Brexit caused the Tory infighting that will cost us the election, ex minister says

brexit caused the tory infighting that will cost us the election, ex minister says

Paul Scully MP on the roof terrace of the buillding which houses his Westminster Office (Photo: Tom Pilston)

Voters will think the Tories have “lost our marbles” if they try to replace Rishi Sunak after next month’s local elections, says former minister Paul Scully.

The 56-year-old Sutton MP agrees bad results will cause “palpitations” particularly if the Tories lose Andy Street and Ben Houchen, their high profile mayors, but says deposing Sunak would be ‘mad’.

“If we start changing the leader now I can’t think what the public would think…They would think we’ve lost our marbles.”

Scully has no reason to love the prime minister who sacked him from his ministerial positions last November and did little to help his subsequent bid to become the Tories’ mayoral candidate for London’s mayor. Scully served as Minister for London from February 2020 and Parliamentary Under-Secretary of State for Tech and the Digital Economy from October 2022.

But having announced his decision to stand down as an MP last month Scully has opted to tell his party a few home truths – particularly about the dangers of speaking to an ever diminishing audience and in-fighting.

“If we just focus on core vote, eventually that core shrinks to nothing,” he posted on X recently. “Talk more about housing; renting first because home ownership has drifted too far from so many. Show a real connection and empathy with other generations. Otherwise we risk pushing ourselves into an ideological cul-de-sac.”

“The standard deviation model is true in politics. Most people are in the middle. We can work with the bell curve or become the bell-ends. We need to make that decision. I fear the electorate already is!”

So what should Sunak say to convince all voters that the Tories aren’t just a lobbying group for older, home-owners?

“The first thing is that it really has to say something, I am being slightly flippant, but literally at the moment I am not hearing anything.”

He says his party shouldn’t allow Labour to grab the agenda on planning reform but drive ahead with radical moves to promote housebuilding. Similarly he wants to see more done for renters including improving pay and job security.

Scully acknowledges, however, that the latest watering down of legislation to improve the rights of leaseholders was a consequence of “short termism and vested interest”.

He says the Conservatives have lost their genius for internal coalition building. “The foundations got knocked somewhere and until we get that back, having that loose coalition, of realising that politics is the art of the possible you are never going to get anywhere.

“Whoever the next leader they have to be the leader of what is currently an unleadable party,” he says.

How did it come to this? Scully, himself an ardent Brexiter, blames the rancour of that debate.

“What we saw through the Brexit years when parliament was in stasis..was lots of people saying things that couldn’t be unsaid.”
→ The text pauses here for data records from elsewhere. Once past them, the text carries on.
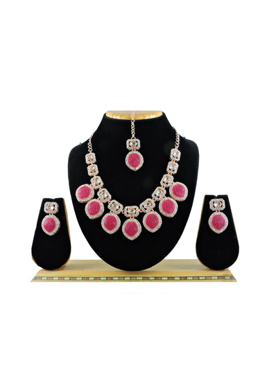 Experience luxury with the Pretty Stone Alloy Necklace Set for girls and women. Ideal for any function, the set features an alloy-based necklace, earrings, and a mang tikka, exhibiting the timeless appeal of classic premium function wear. Crafted meticulously using an alloy material, these imitation jewellery pieces mirror authentic stones, making them must-haves for every wardrobe. This eye-catching set makes a stylish statement on its own, or when paired with other accessories.
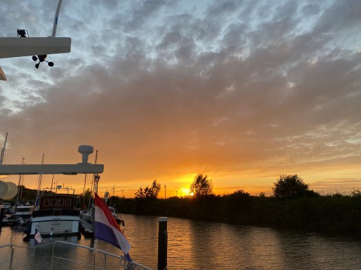 Freitag, 6.8.2021: Heute steht ein langer Schlag an: Da die Wettervorhersage schlecht ist, ist Willemstad als nächster Hafen angedacht. Ablegen um 8.18 und diesmal Frühstück auf der Fahrt. Es wird immer grauer um uns herum und wir erreichen schon nach 40 min den Abzweig in den Amsterdam-Rijnkanaal. Knappe vier Stunden Fahrt bringen uns um 12.50 über Utrecht zum Lekkanaal, wo wir vor der Schleuse kreuzen.
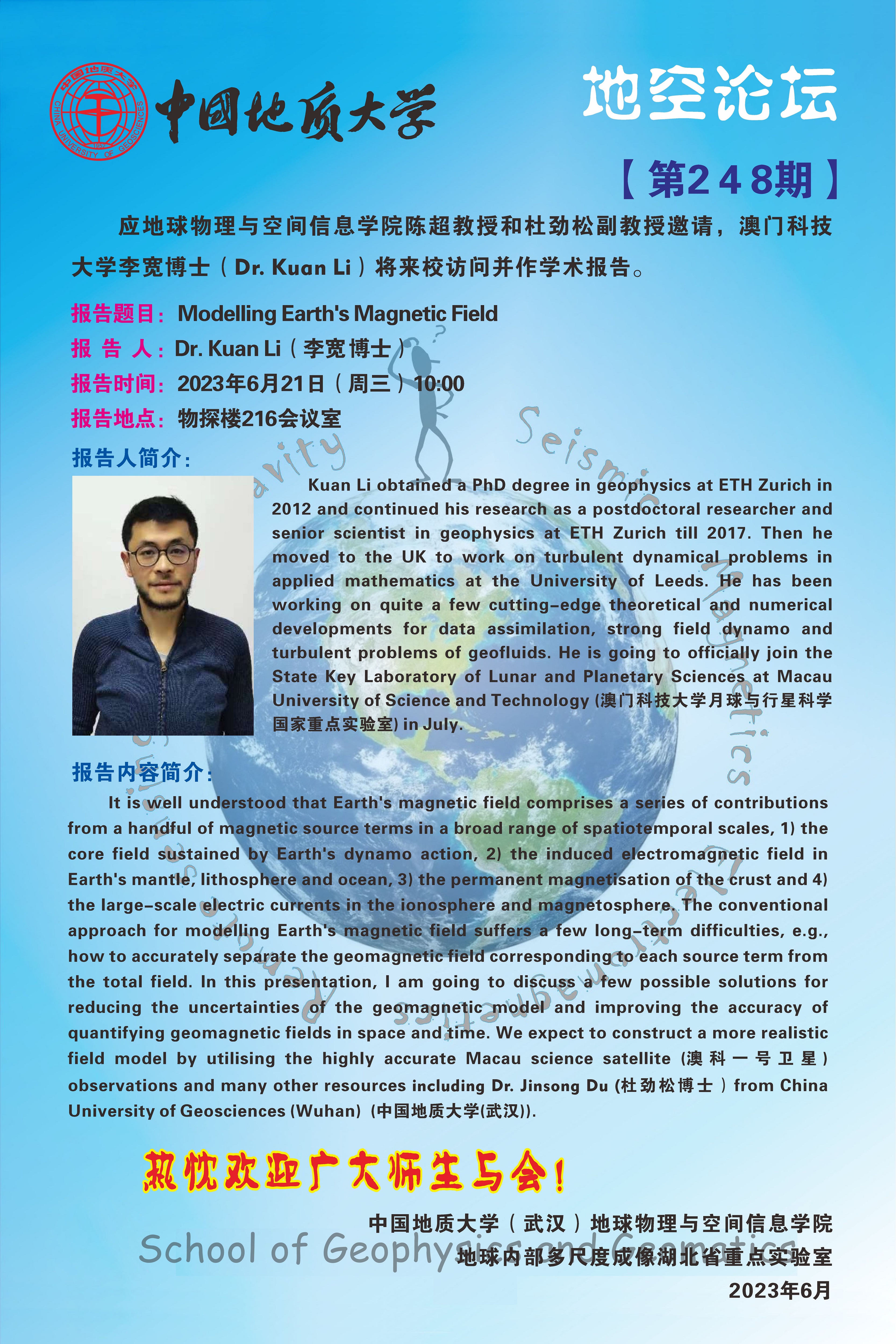 【6月21日】地空論壇:Modelling Earth’s Magnetic Field
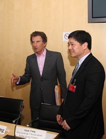 ![]() 雅克•朗部长和法国法轮大法学会主席唐汉龙 |
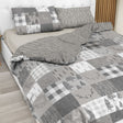 La Parure Copripiumino Petit Monte è realizzata in 100% Cotone. Dal tocco molto caldo e soffice, la parure è doubleface: su un lato delle federe e sul lenzuolo da sopra lo sfondo ha una fantasia patchwork, mentre sull'altro lato delle federe è tinta unita.
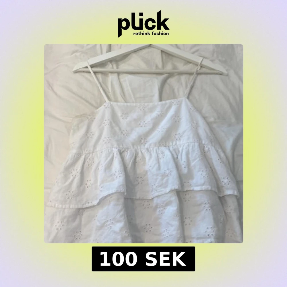 Superfin vit linnetopp från Gina Tricot med tunna axelband och broderade blommor. Toppen har dubbla volanger och är luftig, perfekt för varma dagar. Söt och enkel att matcha med jeans eller kjol.
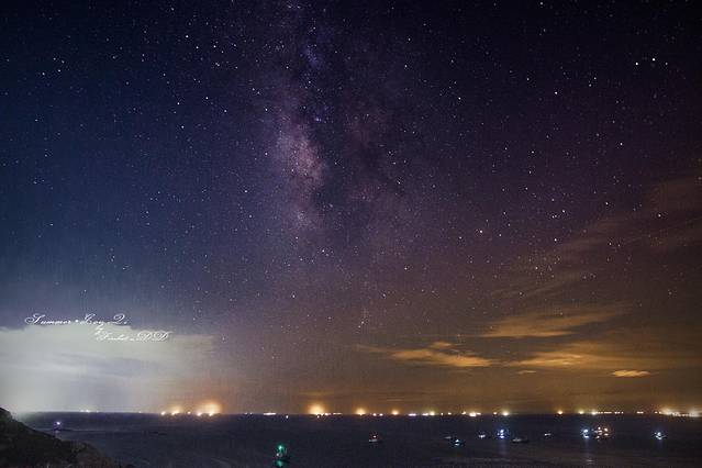 步行3分钟可以到达沙滩,夜晚的嵊泗沙滩还是比较热闹的,路边上摆了好多烧烤摊,沙滩上可以看到有人放孔明灯,烟花。
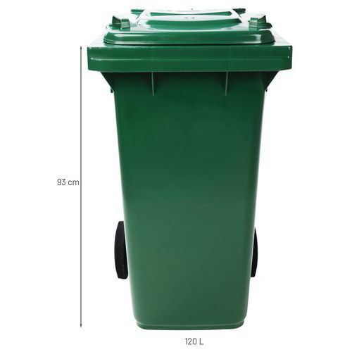 Practical and easy-to-handle wheelie bin with sturdy handles and wheels. Available in several colours to make waste sorting and content identification easier. Solid wheels with a 200 mm diameter. Made from premium high-density polyethylene (HDPE). UV- and impact-resistant. Container resistant to chemical agents and protected from harmful insects. Does not absorb liquids, washable and sterilizable.

“The problem is that it becomes easier to do that the next time and the next time. Since then we’ve had arguments about our approach to lockdown, the economy, any number of things. They are not looking for ways to get together but to drag the party in their mould.”

Even when Tories are addressing genuine concerns, he says, too often they do so with language aimed at a very narrow group of people.

“If you look at some of the stuff Suella [Braverman] and others have said about immigration the kernel of it is not wrong.” The wrapping, on the other hand, alienates “big groups of people”.

Ads attacking London as crime-ridden from Susan Hall, the woman who beat Scully to contest the capital’s mayoralty, were ill-judged. “It just needed a basic sense-check.”

Winning the party leadership by appealing to its “ideological purity” will only ensure defeat at a general election, he says. “You are going to be condemned to be leader of the opposition.”

“The biggest fear I have is that people just stop listening to us. You just end up talking to a smaller subset of the Conservative Party.”

Scully believes he may have been sacked because he had let it be known he was thinking of standing down as an MP. The dismissal felt “brutal”.

He recounts how he was five minutes into an online meeting with Michael Gove when saw the chief whip’s number flash up on his phone. He paused the meeting to take the call assuming it was just a courtesy to inform him he was staying put – but never returned. “I got up, hugged my private secretary and left.”

A damaging feature of politics, he says, is that party management means quiet, collegiate competence prospers far less than spiky, awkward trouble-making. But unless the Tories find some team spirit from somewhere they are doomed he says.

“We’ve talked a lot about what happens next and next leaders but that’s kind of for another day. You can win 4-3 in extra time after you’ve been three nil down at half time but only if you’re all attacking the same goal, if you’re punching one another on the half-way line you’ve got no chance.”